Thursday, June 03, 2010

on letting it be.




my list of to do's around this home, well, it's big.  super big.  but the thing is, sometimes i am so focused on the to do's,  that i miss out on the right nows.  i need to clean the floors, do the laundry, pick up pick up pick up....

on M's mothers day list of things his mama loves..."mommy's favorite activity....picking up the house."  UGH.  (especially since my house is almost always in disarray - even when it's at it's cleanest.)

people,  the right nows,  are so very much more important....


so, in an effort to focus on the right nows....


what we are loving up - RIGHT now...


*wet garden feet

*staying up late - (which leads to lots of unfun whininess during the day...)
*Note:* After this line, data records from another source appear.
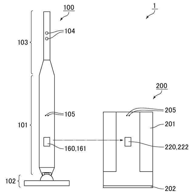 塵埃回収装置1を構成する掃除機100及び集塵ステーション200の外観を略示した正面図である。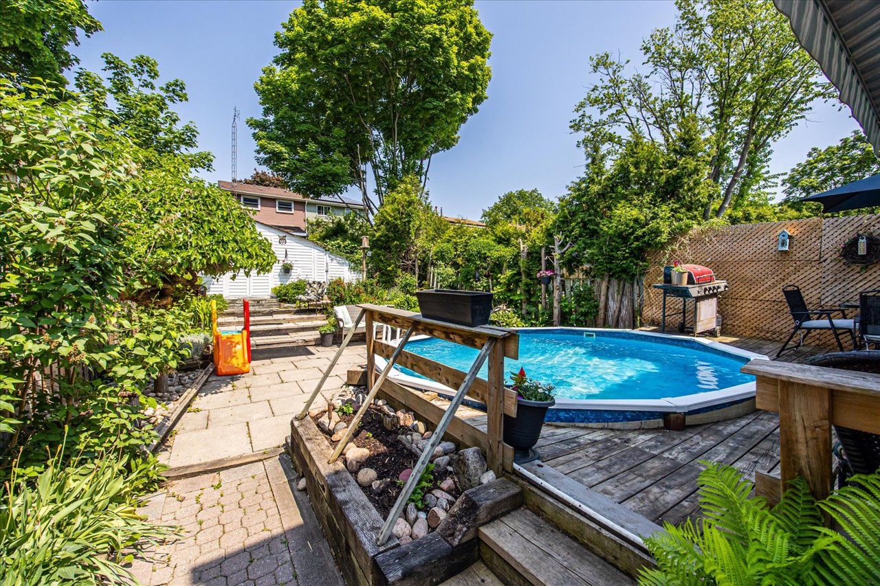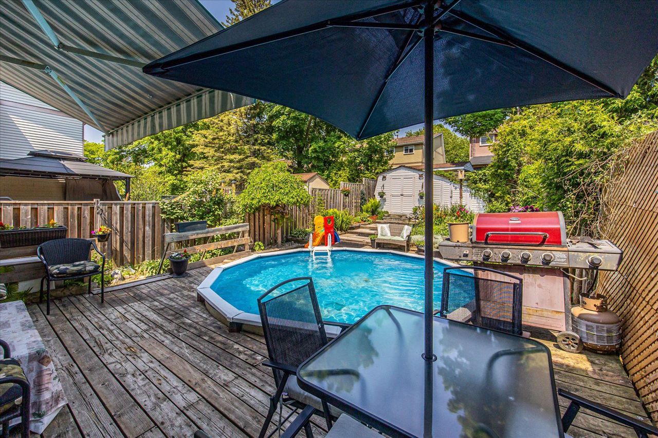 Offers Anytime! This wonderful 3 bedroom semi-detached home located in a family friendly neighbourhood is a perfect move-in ready home! It has a newly renovated eat-in kitchen with stainless steel appliances and Living Room with crown moulding and large bay window allowing tons of natural light. Upstairs you'll find 3 good sized bedrooms & 4 piece bathroom. Basement is finished to give you extra space for whatever you need! The backyard has a good sized above ground heated pool, lots of space for entertaining and trees/gardens for extra privacy! This home is ready for your personal touches and just waiting for your enjoyment this summer!Near Schools, Parks, Shopping, Transit, 401/407, Walking Path.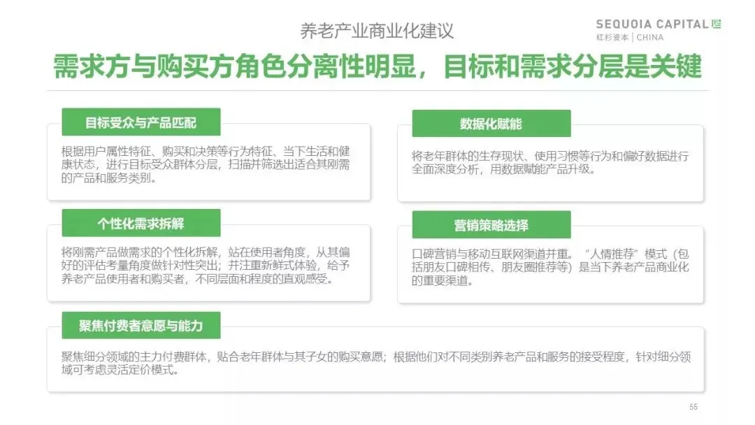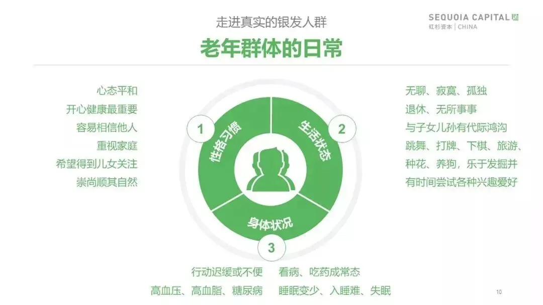 人口老龄化是中国社会少数几个具备确定性的结构性变化,已经在发生,而且会加速。这样重大的结构性变化必将对整个社会的方方面面都带来广泛而深刻的影响,因此非常有必要多维度、多层次、全方位地对此进行调查和研讨,从中寻找创新、创业和投资的机会。我们认为,在未来5到10年里,新需求、新供给、新业态、新商业模式将推动我国“银发经济”的蓬勃发展,我们期待和有志于此的创业者、从业者们共同努力,为数亿中国老年人创造幸福的美好生活!

*independence.  in some form or another - all five of us seem to be branching out and exploring our own selves....it's pretty neat.

*reconnecting with old and wonderful friends.

*plants....everywhere plants.  it rocks.

*big giant thunderstorminess in the middle of the night with lots of cuddling and chatting and awe of mother nature.

*the year winding down.  we. are. done.  we have totally maxed out on every activity, school thing, and program we are involved in, and we are ready to CHILL.

*anticipation of what's around every corner.

*working on a community garden at school for kids, with a dear friend, and our amazing husbands helping us every step of the way.

*an upcoming wedding of an old friend, and lots of hang time with a whole mess of friends that will be there....dreamy!

*picnics.

*a dinner date with my soul sister mama....which is much needed.

*letting go of the need to please.  it doesn't get me anywhere productive.  so i am embracing the fact that it is just going to be - whatever it will be - and that is the end of it. 

*the smell of tomato plant on my fingers after working in my garden.

*my garden....you knew that would be on here.

*a most favorite relative kicking CANCERS ASS.  cuz she rocks, and i knew she could do it. and i am so proud of her every day for finding the positive in every situation.  you rock lady.  and we love you so much.

*walks.  LONG walks with the beans.  counting "chit-muks" and looking for exciting things.

*content-ness.  yup....i said it.  being content, and happy.  i am ready to be in the NOW.  are you?